Follow these steps in strict order. Each step must complete successfully and pass verification before proceeding to the next:
Calculate all timing parameters before generating any audio. This ensures consistent timing across all stems:
def calculate_section_transitions(bpm, total_duration_sec, sections):
"""Calculate beat-aligned transition points for song sections."""
beats_per_second = bpm / 60.0
section_durations = {}
cumulative_time = 0
for section_name, beat_count in sections.items():
duration = beat_count / beats_per_second
section_durations[section_name] = {
'start': cumulative_time,
'end': cumulative_time + duration,
'beats': beat_count,
'start_beat': cumulative_time * beats_per_second
}
cumulative_time += duration
return section_durations
# Configuration
BPM = 120
DURATION = 137
SECTIONS = {'intro': 16, 'verse': 32, 'chorus': 32, 'bridge': 16, 'outro': 16}
timing = calculate_section_transitions(BPM, DURATION, SECTIONS)
print("Timing calculated:")
for section, data in timing.items():
print(f" {section}: {data['start']:.2f}s - {data['end']:.2f}s ({data['beats']} beats)")
Validate the reference file exists and has expected properties:
import soundfile as sf
import os
def verify_reference_file(filepath, expected_sample_rate=None, min_duration=None):
"""Verify reference audio file and return info dict."""
if not os.path.exists(filepath):
raise FileNotFoundError(f"Reference file not found: {filepath}")
info = sf.info(filepath)
errors = []
if expected_sample_rate and info.samplerate != expected_sample_rate:
errors.append(f"Sample rate mismatch: expected {expected_sample_rate}, got {info.samplerate}")
if min_duration and info.duration < min_duration:
errors.append(f"Duration too short: expected >= {min_duration}s, got {info.duration}s")
if errors:
raise ValueError(f"Reference file validation failed: {'; '.join(errors)}")
print(f"Reference verified: {info.duration:.2f}s @ {info.samplerate}Hz, {info.channels}ch, {info.subtype}")
return {
'sample_rate': info.samplerate,
'duration': info.duration,
'channels': info.channels,
'subtype': info.subtype
}
# Verify reference
ref_info = verify_reference_file('reference.wav', expected_sample_rate=48000, min_duration=130)
TARGET_DURATION = ref_info['duration'] # Use reference duration as target
Generate one stem at a time, verify it immediately before proceeding to the next:
import numpy as np
def generate_stem(name, duration_sec, sample_rate, subtype='FLOAT', section_timing=None):
"""Generate a single stem with explicit sample type."""

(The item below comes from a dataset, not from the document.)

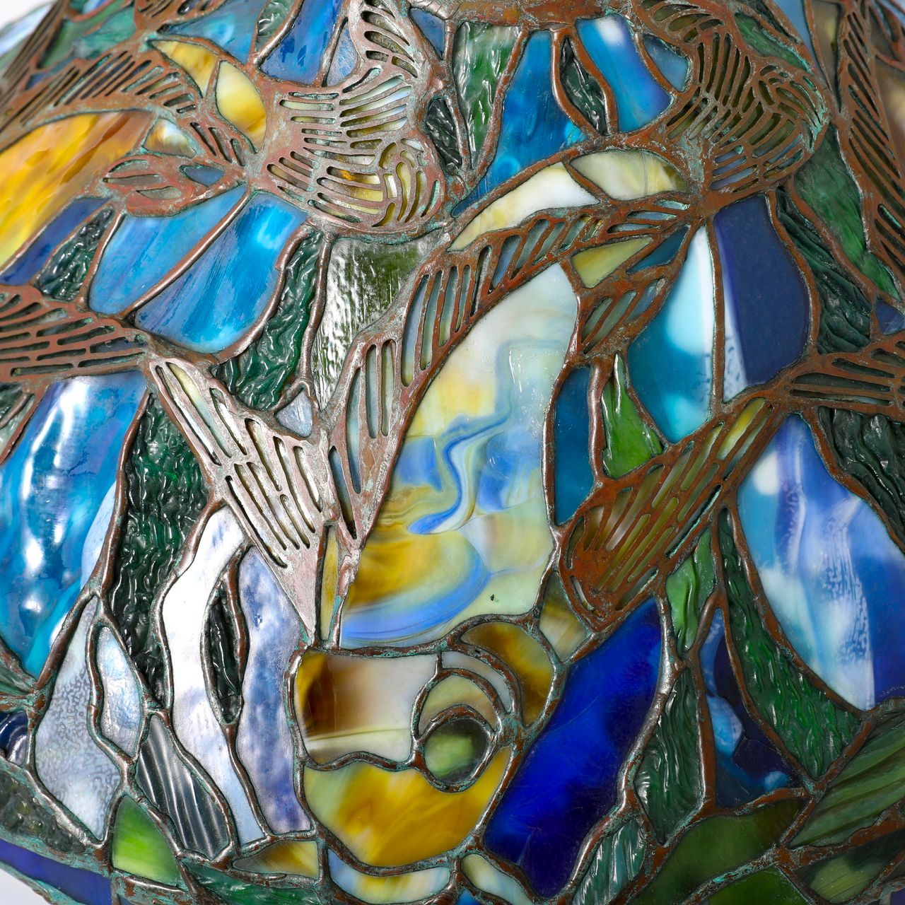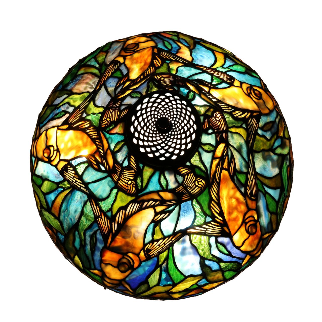 ステンドグラスランプの中で最高の美しさを誇るティファニースタジオの華麗な魚文のランプ。その大胆かつ繊細なデザインは、思わずため息が出るほど美しい。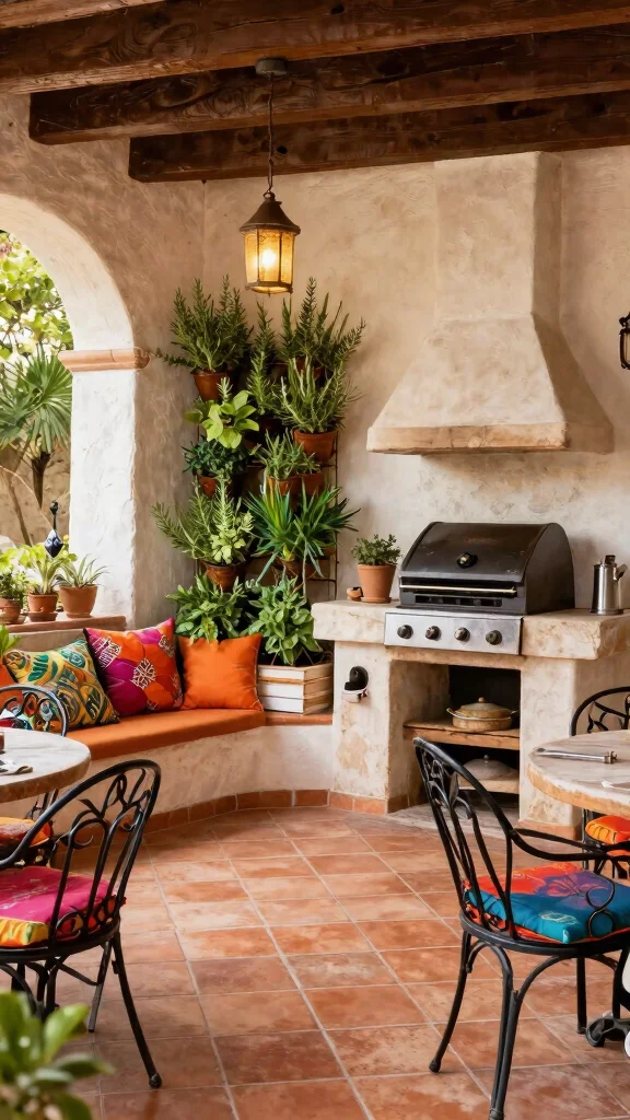 Incorporating a vertical garden featuring Mediterranean herbs like rosemary, thyme, and basil not only enhances the atmosphere but also adds fresh flavors to your meals. You can set up a stone grill or a traditional BBQ pit for an authentic cooking experience.

frames = int(duration_sec * sample_rate)
t = np.linspace(0, duration_sec, frames)
# Generate stem-specific content (customize per stem type)
if name == 'bass':
freq = 110 # A2
audio_data = np.sin(2 * np.pi * freq * t) * 0.8
elif name == 'guitars':
freq = 440 # A4
audio_data = np.sin(2 * np.pi * freq * t) * 0.6
elif name == 'synths':
freq = 880 # A5
audio_data = np.sin(2 * np.pi * freq * t) * 0.5
elif name == 'bridge':
freq = 220 # A3
audio_data = np.sin(2 * np.pi * freq * t) * 0.7
else:
audio_data = np.sin(2 * np.pi * 440 * t) * 0.5
# Ensure proper data type
if subtype == 'FLOAT':
audio_data = audio_data.astype(np.float32)
elif subtype == 'PCM_24':
audio_data = np.clip(audio_data, -1, 1) * (2**23 - 1)
audio_data = audio_data.astype(np.int32)
filepath = f'{name}_stem.wav'
sf.write(filepath, audio_data, sample_rate, subtype=subtype, format='WAV')
return filepath, audio_data
def verify_stem(filepath, expected_sample_rate, expected_subtype, expected_duration):
"""Verify a single stem meets specifications."""
if not os.path.exists(filepath):
return {'success': False, 'error': f'File not found: {filepath}'}
info = sf.info(filepath)
errors = []
if info.samplerate != expected_sample_rate:
errors.append(f'sample_rate: expected {expected_sample_rate}, got {info.samplerate}')
if info.subtype != expected_subtype:
errors.append(f'subtype: expected {expected_subtype}, got {info.subtype}')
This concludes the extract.